Sentinel site community surveillance of mortality and nutritional status in southwestern Central African Republic, 2010
1 European Programme for Intervention Epidemiology Training (EPIET), European Centre for Disease Prevention and Control (ECDC), Stockholm, Sweden
2 Epicentre, 8 rue Saint-Sabin, Paris, France
3 Médecins Sans Frontières, Operational Centre Barcelona-Athens, Nou de la Rambla, 26, Barcelona, Spain
4 Health and Nutrition Tracking Service, Geneva, Switzerland
5 Faculty of Infectious and Tropical Diseases, London School of Hygiene and Tropical Medicine, Keppel Street, London, United Kingdom
Population Health Metrics 2012, 10:18 doi:10.1186/1478-7954-10-18Published: 4 September 2012
During 2010, a community-based, sentinel site prospective surveillance system measured mortality, acute malnutrition prevalence, and the coverage of a Médecins Sans Frontières (MSF) intervention in four sous-préfectures of Lobaye prefecture in southwestern Central African Republic. We describe this surveillance system and its evaluation.
Within 24 randomly selected sentinel sites, home visitors performed a census, weekly demographic surveillance of births, deaths, and in- or out-migration, and weekly anthropometry on a sample of children. We evaluated the system through various methods including capture-recapture analysis and repeat census.
The system included 18,081 people at baseline. Over 32 weeks, the crude death rate was 1.0 (95% confidence interval [CI]: 0.8-1.2) deaths per 10,000 person-days (35 deaths per 1,000 person-years), with higher values during the rainy season. The under-5 death rate was approximately double. The prevalence of severe acute malnutrition (SAM) was 3.0% (95% CI: 2.3-4.0), almost half featuring kwashiorkor signs. The coverage of SAM treatment was 29.1%. The system detected >90% of deaths, and >90% of death reports appeared valid. However, demographic surveillance yielded discrepancies with the census and an implausible rate of population growth, while the predictive value of SAM classification was around 60%.

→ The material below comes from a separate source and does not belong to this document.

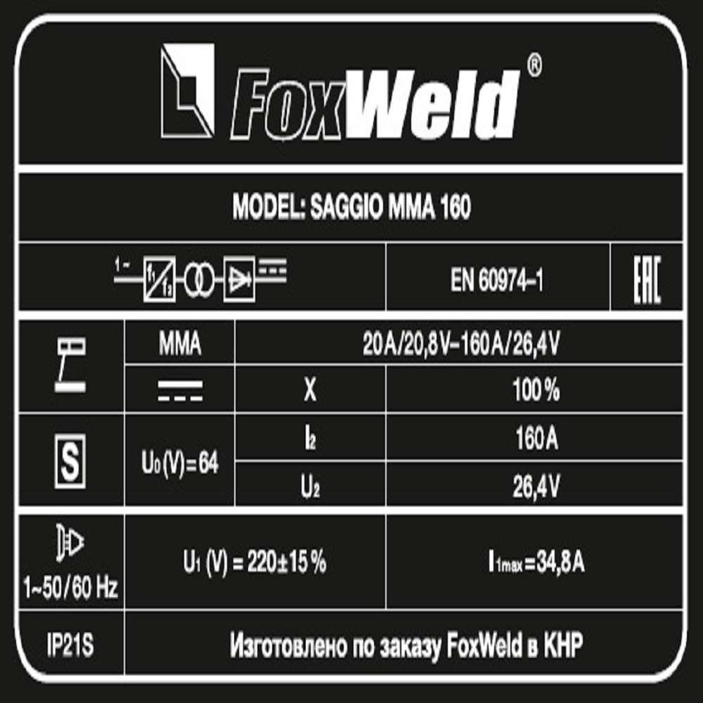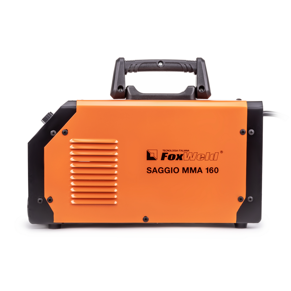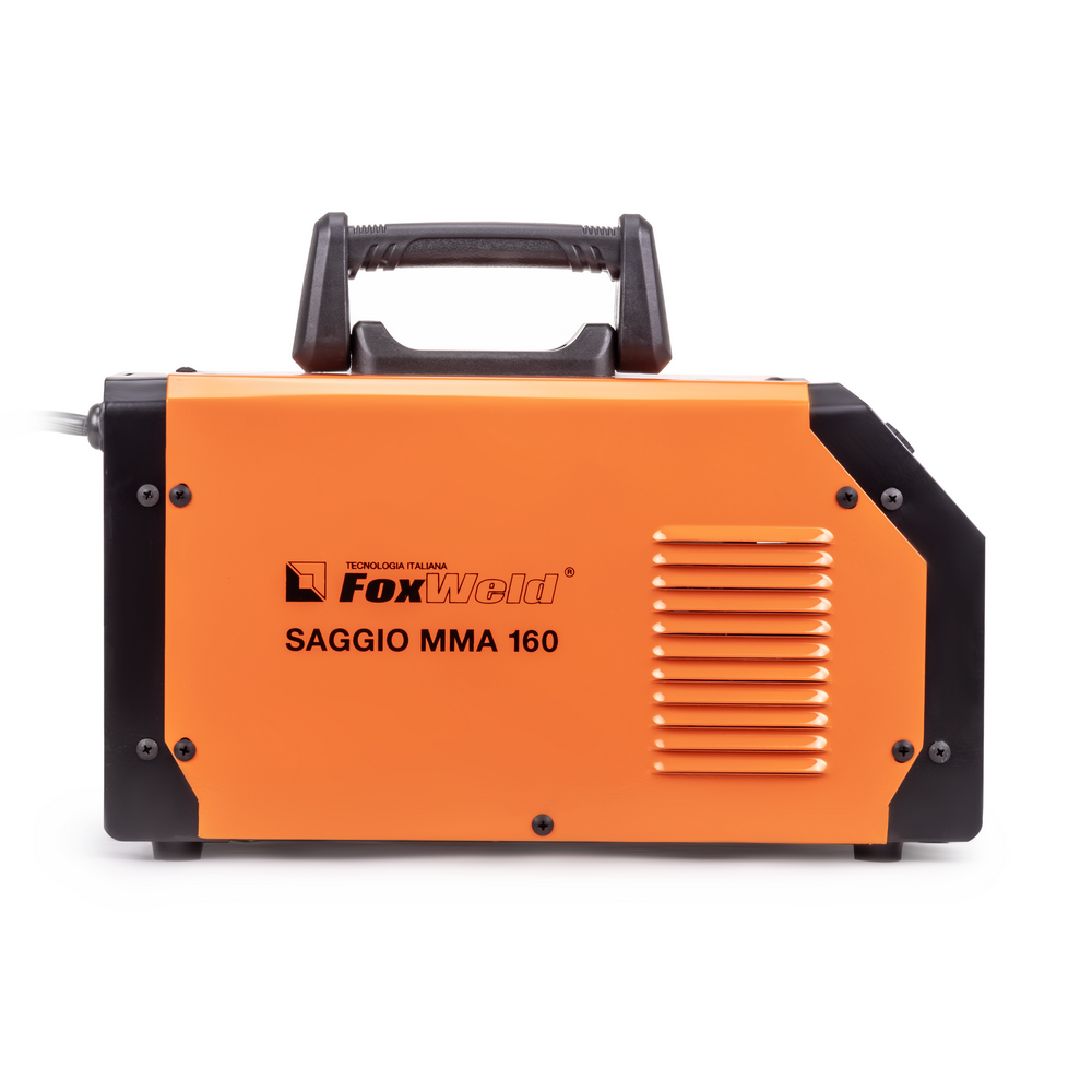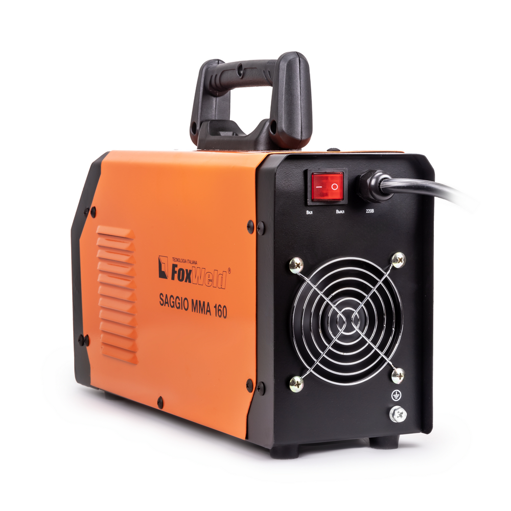Сварочный аппарат FOXWELD SAGGIO MMA 160 разработан для профессионалов, главные особенности - мощность, надёжность, компактность. Улучшенная схема стабилизации сварочного процесса даёт хороший поджиг и «мягкую» сварочную дугу с минимальным разбрызгиванием. Для облегчения процесса сварки в режиме ММА и получения более качественного сварного соединения, аппарат имеет встроенные функции: Hot Start (горячий старт), AntiSticking (антизалипание) и Arc Force (форсаж дуги) с возможностью регулировки. Регулировка функции Arc-Force позволяет стабилизировать процесс горения дуги на разных значениях сварочного тока, препятствуя привариванию электрода к детали. Это способствует получению стабильно надежного соединения при использовании электродов с разными типами покрытия для сварки различных материалов. Система защиты от перегрева гарантирует остановку работы сварочного аппарата при выходе из строя вентилятора. Время продолжительности работы (ПВ) составляет 100%, что важно при эксплуатации на строительных объектах и на производстве.РАБОТА БЕЗ ОСТАНОВКИ: Параметр ПВ 100% на максимальном токе при КПД 85% обеспечивает бесперебойную устойчивую работу сварочного аппарата в течении всего рабочего дня. Это позволяет производить безостановочный сварочный процесс и выполнять работы, которые требуют больших временных затрат, что повышает скорость и производительность.РЕГУЛИРУЕМАЯ ФУНКЦИЯ ФОРСАЖ ДУГИ: Функция «Форсаж дуги» (Arc Force) позволяет не чувствовать изменения тока при сварке неровных поверхностей, так как благодаря ней, аппарат "форсирует" ток и снижает вероятность залипания электрода. Регулировка форсажа дуги позволяет изменять вручную напряжение в процессе сварки. Это даёт возможность компенсировать потери сварочного напряжения, например, из-за слишком длинного кабеля. Также с помощью ручной регулировки можно усилить сварной шов, изменить его форму – сделать более пологим или повысить растекаемость.РАБОТА ПРИ ПОНИЖЕННОМ НАПРЯЖЕНИИ: Аппарат работает от однофазной сети 220 В при перепадах напряжения от 140 до 270 В. Это даёт возможность производить сварочные работы в «плохих» сетях – на даче, в домашних условиях при пониженном или нестабильном напряжении.НЕБОЛЬШОЙ ВЕС: Небольшой вес и размеры сварочного аппарата плюс удобная ручка и ремень для переноски добавляют мобильности, компактности и идеально подходят для бытового и полупрофессионального использования.РАСШИРЕННАЯ КОМПЛЕКТАЦИЯ: Электрододержатель с кабелем, зажим для заземления, щиток сварщика и щётка в комплекте позволяют быстро приступить к работе.ПРЕИМУЩЕСТВА:Цифровой дисплейПлавная регулировкаВстроенная термозащитаНизкое энергопотреблениеПринудительное охлаждениеПолный комплект для начала работЛёгкий поджиг (Hot Start)Стабилизация процесса (Arc Force)Антиприваривание (Anti-Sticking)Мощность, надёжность, компактностьУлучшенные характеристикиРаботает при пониженном напряженииФУНКЦИОНАЛЬНЫЕ ОСОБЕННОСТИ:РЕЖИМ MMA: Работает с входным напряжением от 140 до 270 вольт;Может работать с диаметром покрытого электрода до 4 мм;Выставляется ток сварки от 20 до 160 ампер;Для облегчения процесса сварки присутствуют функции: Hot Start, Arc Force и AntistickingКОМПЛЕКТАЦИЯ: Сварочный аппарат FOXWELD SAGGIO MMA 160 – 1 шт.; Электрододержатель с кабелем 1,5 м – 1 компл.; Зажим на массу с кабелем 1,5 м – 1 компл.; Щиток сварщика – 1 шт.; Щётка – 1

We found evidence of a chronic health crisis in this remote region. MSF's intervention coverage improved progressively. Mortality data appeared valid, but inaccuracies in population denominators and anthropometric measurements were noted. Similar systems could be implemented in other remote settings and acute emergencies, but with certain technical improvements.